Unless you definitively hear you're not eligible, sign-up for the test. 

What's the worst that can happen? They don't let you take the exam and you're out $75.


----------



## SJR87 (Dec 23, 2004)

Delta784 said:


> Unless you definitively hear you're not eligible, sign-up for the test.
> 
> What's the worst that can happen? They don't let you take the exam and you're out $75.


 Yup thats the plan as of right now. I will call the HRD to see if I can get an answer. I was just reading a link I found in another thread and it looks like you need to be 21 just to apply for the exam itself. Oh well such is life


----------



## Bullock (Nov 21, 2005)

I believe that changed it to you had to be 21 just to take the test. A colleague of mine had to seek out a refund because of that change. But if it were me I'd sign up and go through the process until someone told me I couldn't, otherwise your waiting another 2 years, worth a shot.


----------



## PBiddy35 (Aug 27, 2004)

As of January 1st 2005 you have to be 21 years of age to take the Civil Service test. Romney changed it that year just to mess with me last test.


----------



## SJR87 (Dec 23, 2004)

PBiddy35 said:


> As of January 1st 2005 you have to be 21 years of age to take the Civil Service test. Romney changed it that year just to mess with me last test.


 Yup the more I read the more that appears to be the case. On a side note, I know you get points for being an EMT, but do they also offer points if you are a certified firefighter in the state?


----------



## alphadog1 (Oct 16, 2006)

You must be 21 YOA to take the police civil service exam. I believe this was changed due to the LTC requirement (21 YOA).


----------



## DVET1979 (Aug 4, 2004)

SJR87 said:


> Yup the more I read the more that appears to be the case. On a side note, I know you get points for being an EMT, but do they also offer points if you are a certified firefighter in the state?


They do on the fire exam and your EMT has to be from the Commonwealth of Masssachusetts. They dont recognize other states or even the national standard. I just went through the EMT argument. Massachusetts wants your money.


----------



## KindaConfused (Mar 17, 2005)

SJR87 said:


> Yup the more I read the more that appears to be the case. On a side note, I know you get points for being an EMT, but do they also offer points if you are a certified firefighter in the state?

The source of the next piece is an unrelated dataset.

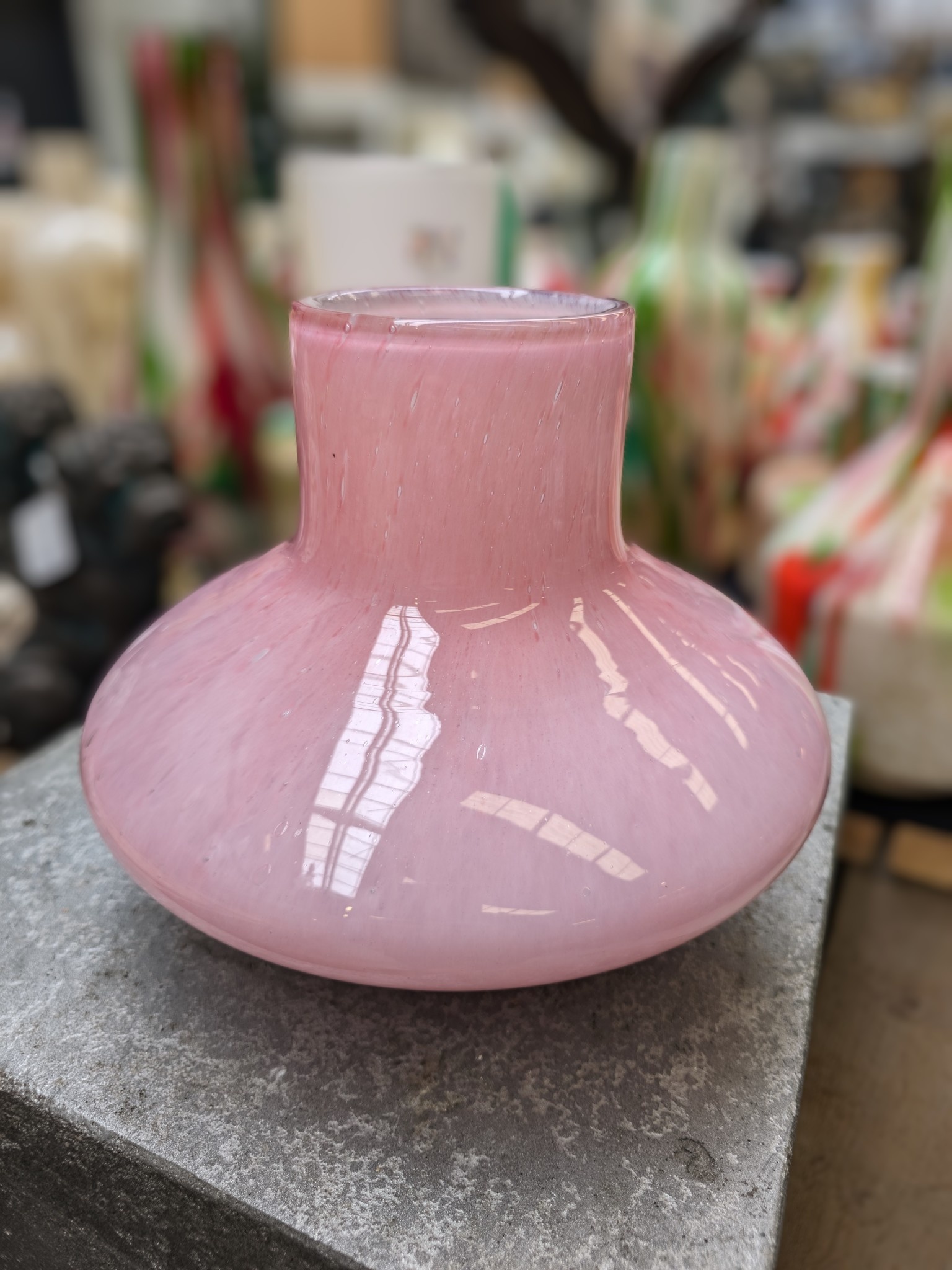 Glasvase Scheibe rosa Dante Rosa Blasen 26cm

 You don't get points. You get a little mark on the list saying you're an EMT. So if some town calls for a list of EMTs they will get you. but if you score a 82 on the test, that is what your score will be.


----------



## policelaborlaw.com (Mar 7, 2006)

The Law Office of Attorney Patrick Michael Rogers will be holding a *2007 Civil Service Police Officer Examination Preparation Seminar *on *Saturday-**January 6, 2007* in North Attleboro, Massachusetts at the Attleboro Police Department and on *Sunday-**January 7, 2007* in Medford, Massachusetts at the MedfordPoliceTrainingCenter. 

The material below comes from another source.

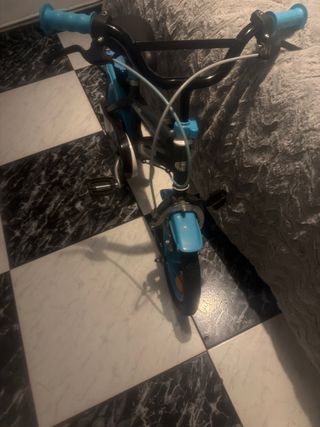 Bicicleta infantil de color azul, ideal para los más pequeños. - Manillar con puños de goma. - Ruedines de apoyo. - Frenos manuales.

Registration will be at 8:00 a.m. and the seminar will run from 8:30 a.m. to 3:00 p.m.

The cost of the seminar will be *$125.00 per person. *This fee will include all materials-including a handbook containing hundreds of practice questions.

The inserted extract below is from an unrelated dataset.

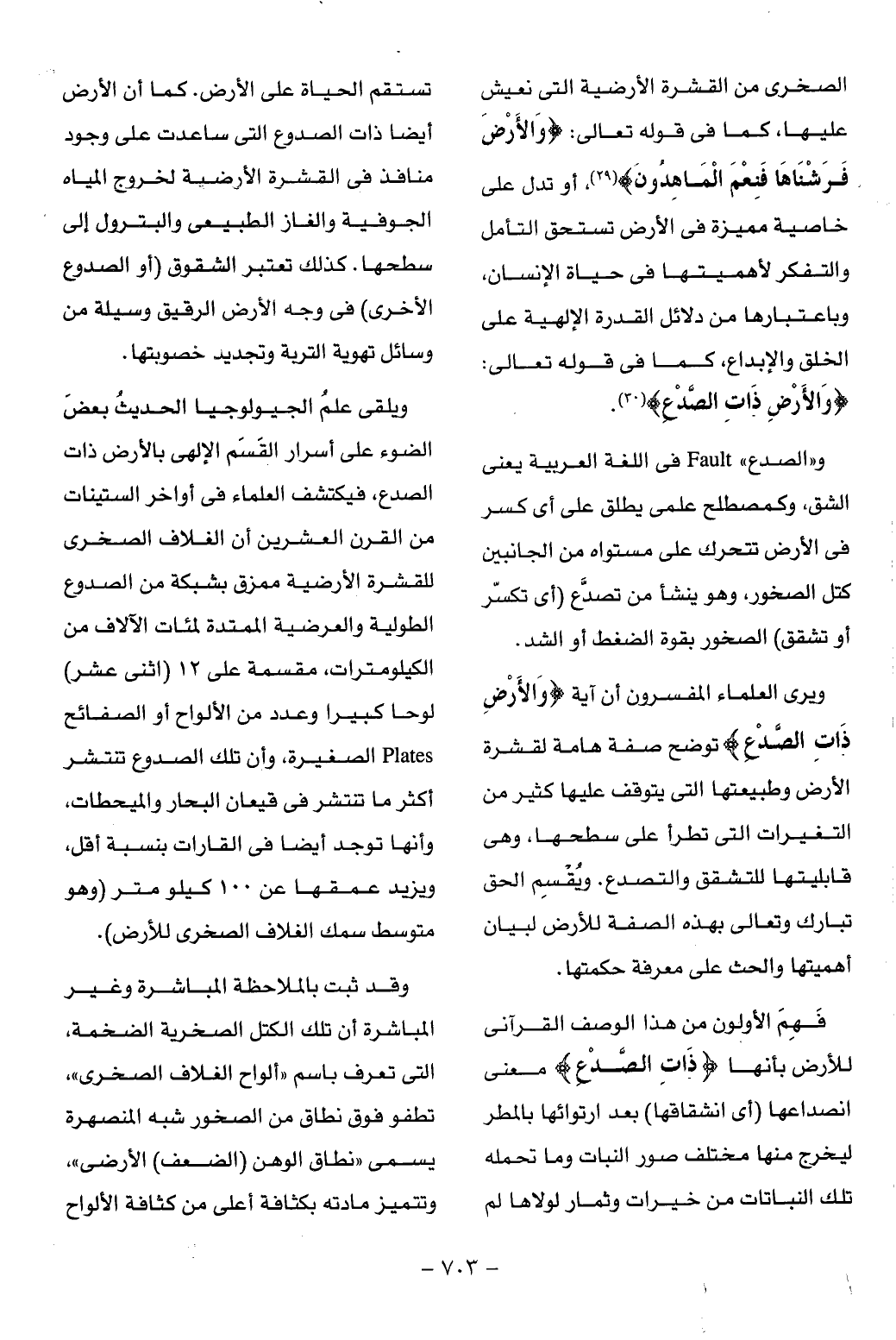 ويرى العلماء المفسرون أن آية وَالْأَرْضِ ذاتِ الصَّدْعِ توضح صفة هامة لقشرة الأرض وطبيعتها التى يتوقف عليها كثير من التغيرات التى تطرأ على سطحها، وهى قابليتها للتشقق والتصدع. ويقسم الحق تبارك وتعالى بهذه الصفة للأرض لبيان أهميتها والحث على معرفة حكمتها.

Included in the cost will be an actual mock examination reflecting a higher degree of difficulty that the student will find on the actual examination. Register immediately by going to- www.commonwealthpolice.net. You can download the seminar flyer at http://www.policelaborlaw.com/training/cpsentrance.pdf.


----------



## Deputydog522 (Oct 7, 2002)

How is that seminar?? Is it worth it to take? Also I've heard that the Cival Service Police Exam is going up to $100 in 2007.


----------



## Mitpo62 (Jan 13, 2004)

Delta784 said:


> Unless you definitively hear you're not eligible, sign-up for the test.
> 
> What's the worst that can happen? They don't let you take the exam and you're out $75.


To be 21 again, eh Delta? Remember when we worried about such things? Seems like a lifetime ago.............


----------



## kmorrissey5 (Jul 14, 2006)

Do you have to be 21 when you sign up for the test or by the time the test is given?


----------



## smd6169 (Aug 23, 2005)

Given....


kmorrissey5 said:


> Do you have to be 21 when you sign up for the test or by the time the test is given?


----------